Hezbollah supporters hold portraits of Iran's Supreme Leader Ali Khamenei and Hezbollah flags as they gather outside the Iranian Embassy in Beirut, Lebanon, Wednesday, June 25, 2025, to honor Iran for what organizers described as "breaking American and Israeli aggression." (AP Photo/Hassan Ammar)
Hezbollah supporters hold portraits of Iran's Supreme Leader Ali Khamenei and Hezbollah flags as they gather outside the Iranian Embassy in Beirut, Lebanon, Wednesday, June 25, 2025, to honor Iran for what organizers described as "breaking American and Israeli aggression." (AP Photo/Hassan Ammar)

Hezbollah has begun a major strategic review in the wake of its devastating war with Israel, including considering scaling back its role as an armed movement without disarming completely, three sources familiar with the deliberations say.

The internal discussions, which aren't yet finalized and haven't previously been reported, reflect the formidable pressures the Iran-backed Lebanese militant group has faced since a truce was reached in late November.

Israeli forces continue to strike areas where the group holds sway, accusing Hezbollah of ceasefire violations, which it denies.

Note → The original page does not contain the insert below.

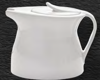
Code: LO-28066 Ø 660 cc.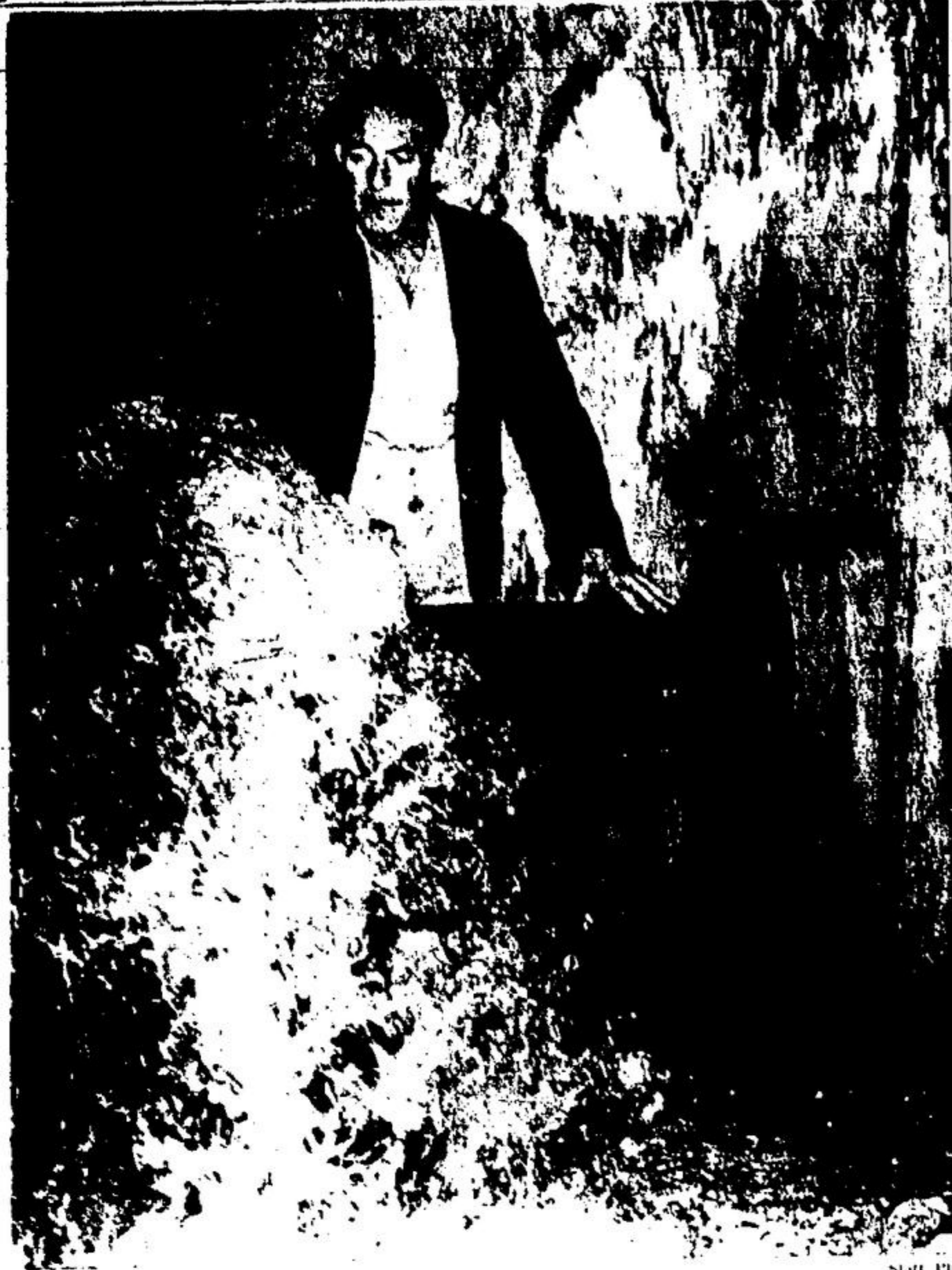
460 GALLONS of water per minute gushed from this pipe at the bottom of one of the two new horizontal gas-reserve tanks on Church Road North Tuesday when the tank was filled for testing. Shown at the pipe is town worksman Sam Tennant. Water level in the reservoir is controlled by a pressure system which turns the demand pumps on automatically. Work on the excavation for the reservoir system began May 6.

It is also grappling with acute financial strains, US demands for its disarmament and diminished political clout since a new cabinet took office in February with US support.

The group's difficulties have been compounded by seismic shifts in the regional power balance since Israel decimated its command, killed thousands of its fighters and destroyed much of its arsenal last year.

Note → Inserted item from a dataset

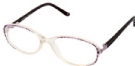
Lavender & Crystal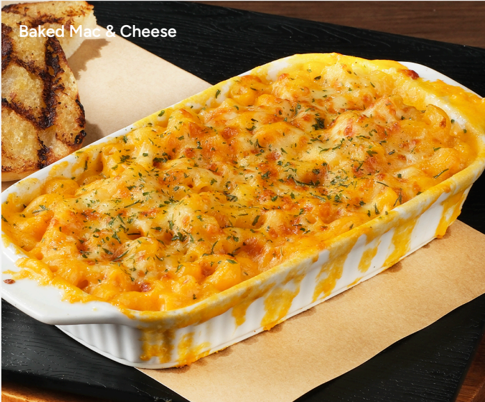
Baked Mac & Cheese

Hezbollah's Syrian ally, Bashar al-Assad, was toppled in December, severing a key arms supply line from Iran. Tehran is now emerging from its own bruising war with Israel, raising doubts over how much aid it can offer, a regional security source and a senior Lebanese official told Reuters.

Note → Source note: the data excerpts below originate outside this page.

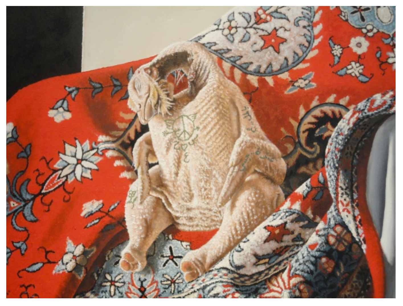
Details from 'The King of Peace' 150 X 180 cm Oil on Canvas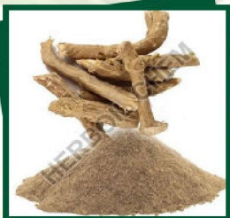
Boerhavia Diffusa Root Extract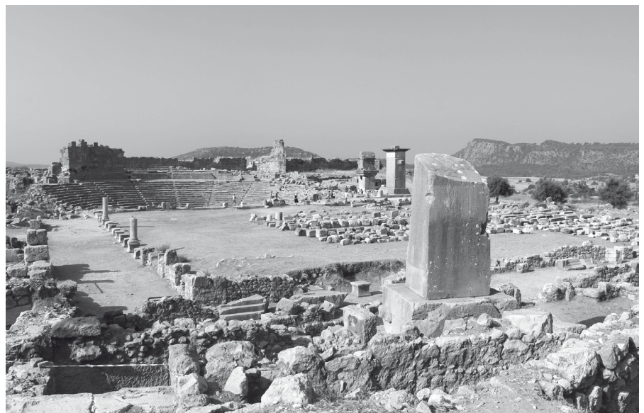
Figure 2. Western Agora and Lycian tombs at Xanthos

Letoon, the federal sanctuary of Lycia under the jurisdiction of Xanthos, was used as a sacred space since at least the 6 th century BCE. It was dedicated to Leto and her twins Artemis and Apollo, and had a sacred spring dedicated to Elyanas, the Lycian equivalents of Nymphs. In the late 5 th or early 4 th century BCE, three temples were built for each deity, most probably by the Xanthian dynast Arbinas (Le Roy, 1991). Although these temples were replaced in the Hellenistic Period, their foundations can still be observed. The remaining post holes and grooves carved into the bedrock indicate that the upper structures were made of timber, a common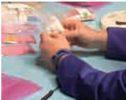
Quality and ESD Checked Shipments

We understand how important it is to get orders delivered on time and when production schedules are at stake, you can rely on Cyclops to deliver the components you need (over the last 12 months 79% of all components ordered from Cyclops Electronics are delivered within 24-72 hours of order. Even more impressive, 65% are shipped same day from Cyclops Electronics stock).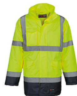
FLUORESCENT YELLOW/NAVY BLUE

Another senior official, who is familiar with Hezbollah's internal deliberations, said the group had been holding clandestine discussions on its next steps. Small committees have been meeting in person or remotely to discuss issues including its leadership structure, political role, social and development work, and weapons, the official said on condition of anonymity.

The official and two other sources familiar with the discussions indicated Hezbollah has concluded that the arsenal it had amassed to deter Israel from attacking Lebanon had become a liability.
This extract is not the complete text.